**Exercise requirements**. Your copy should match the listing below word for word, with no images in it.

**Data provided**.

--

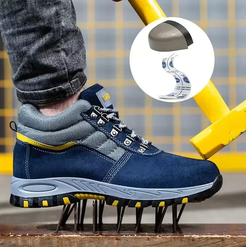 Diese strapazierfähigen Sicherheitsschuhe wurden für Männer entwickelt, die zuverlässigen Schutz benötigen, ohne auf Komfort verzichten zu müssen. Sie sind mit fortschrittlicher Anti-Smash- und Anti-Stab-Technologie ausgestattet und verfügen über eine Stahlkappe, die Ihre Füße vor schweren Stößen und scharfen Gegenständen schützt. Diese Schuhe eignen sich perfekt für das Baugewerbe, die Fertigung und andere risikoreiche Umgebungen und bieten die notwendige Strapazierfähigkeit, um jede Herausforderung zu meistern. Sie vereinen Funktionalität und Stil, damit Sie sicher sind und gleichzeitig gut aussehen.
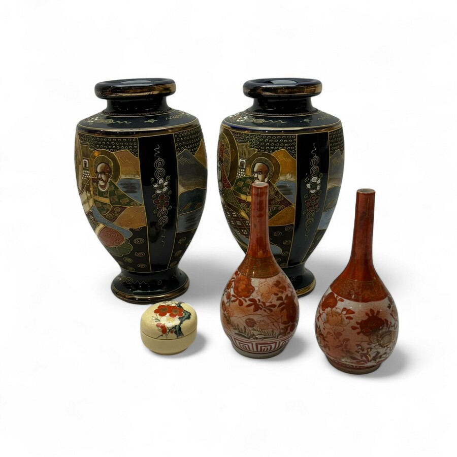 Vier Japans porseleinen en Satsuma vazen. Twee pijpvazen met decor van vogels in het rood. Hierbij twee vergulde vazen met Oosterse figuren op blauwe ondergrond. En een zalfpotje met prunisbloes...
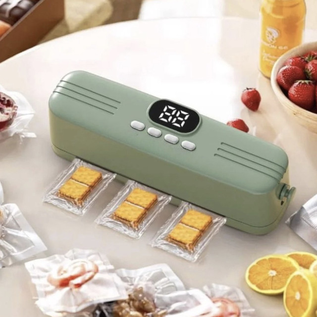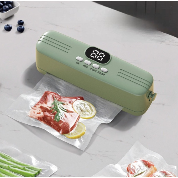 Вакууматор герметично запалює пакети із шириною шва приблизно 1,5 см, ефективно запобігаючи проникненню повітря та продовжуючи свіжість продуктів. Напівавтоматичний режим роботи робить процес швидким і зручним, а тиск до 60 mmHg забезпечує якісне вакуумне паковання невеликих об'ємів від 1 до 3 літрів.
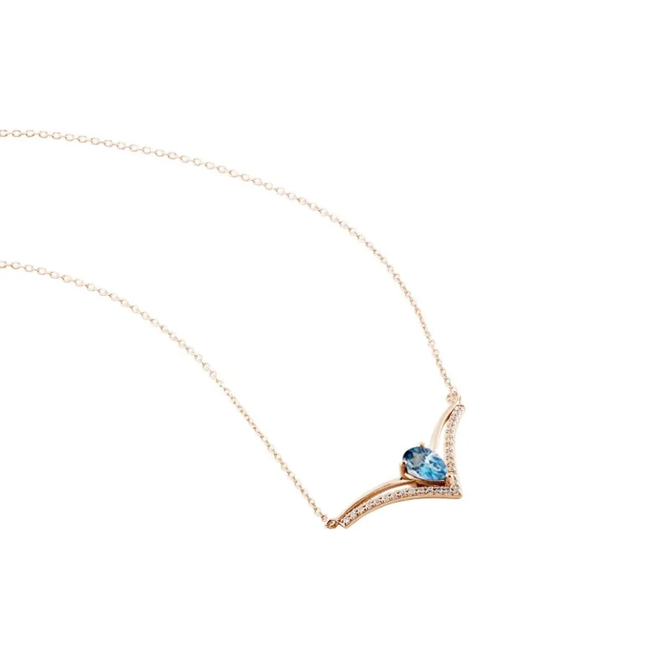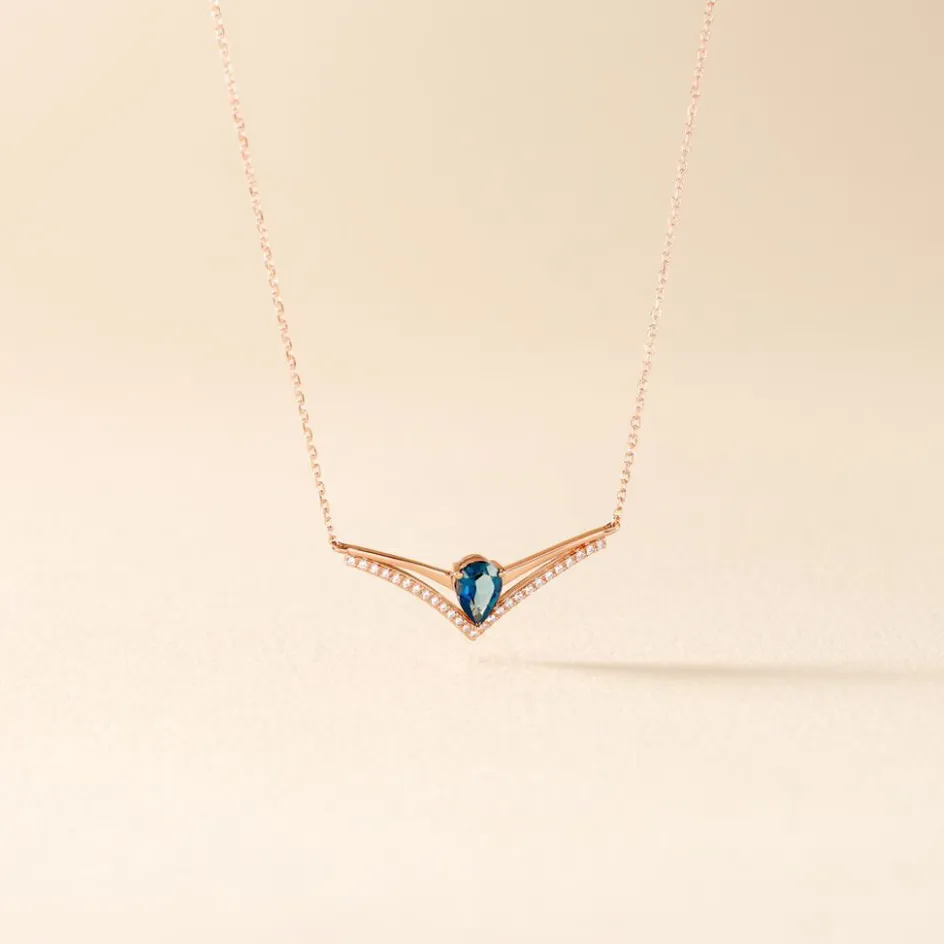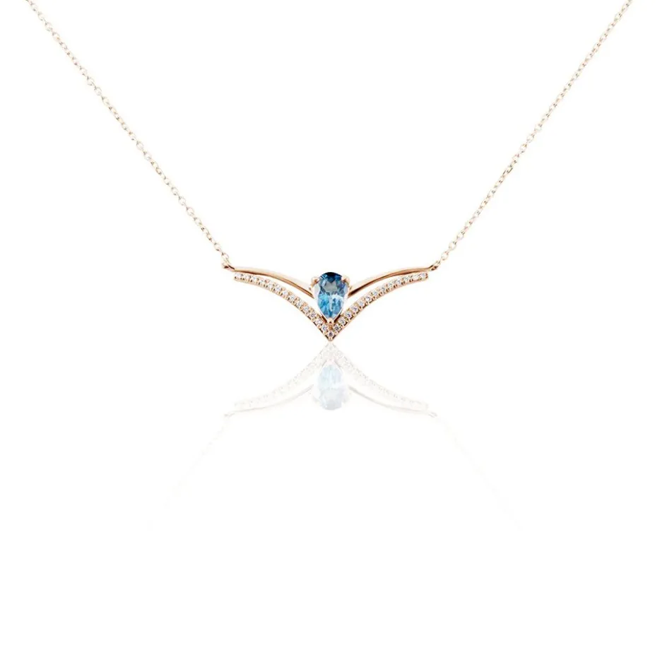 Collier Or Rose 375/1000 Forme Aile De Mouette London Blue Topaze 0.48ct Pavage Oxydes De Zirconium 42cm

--

**Answer box**.
 Diese strapazierfähigen Sicherheitsschuhe wurden für Männer entwickelt, die zuverlässigen Schutz benötigen, ohne auf Komfort verzichten zu müssen. Sie sind mit fortschrittlicher Anti-Smash- und Anti-Stab-Technologie ausgestattet und verfügen über eine Stahlkappe, die Ihre Füße vor schweren Stößen und scharfen Gegenständen schützt. Diese Schuhe eignen sich perfekt für das Baugewerbe, die Fertigung und andere risikoreiche Umgebungen und bieten die notwendige Strapazierfähigkeit, um jede Herausforderung zu meistern. Sie vereinen Funktionalität und Stil, damit Sie sicher sind und gleichzeitig gut aussehen.
 Vier Japans porseleinen en Satsuma vazen. Twee pijpvazen met decor van vogels in het rood. Hierbij twee vergulde vazen met Oosterse figuren op blauwe ondergrond. En een zalfpotje met prunisbloes...
 Вакууматор герметично запалює пакети із шириною шва приблизно 1,5 см, ефективно запобігаючи проникненню повітря та продовжуючи свіжість продуктів. Напівавтоматичний режим роботи робить процес швидким і зручним, а тиск до 60 mmHg забезпечує якісне вакуумне паковання невеликих об'ємів від 1 до 3 літрів.
 Collier Or Rose 375/1000 Forme Aile De Mouette London Blue Topaze 0.48ct Pavage Oxydes De Zirconium 42cm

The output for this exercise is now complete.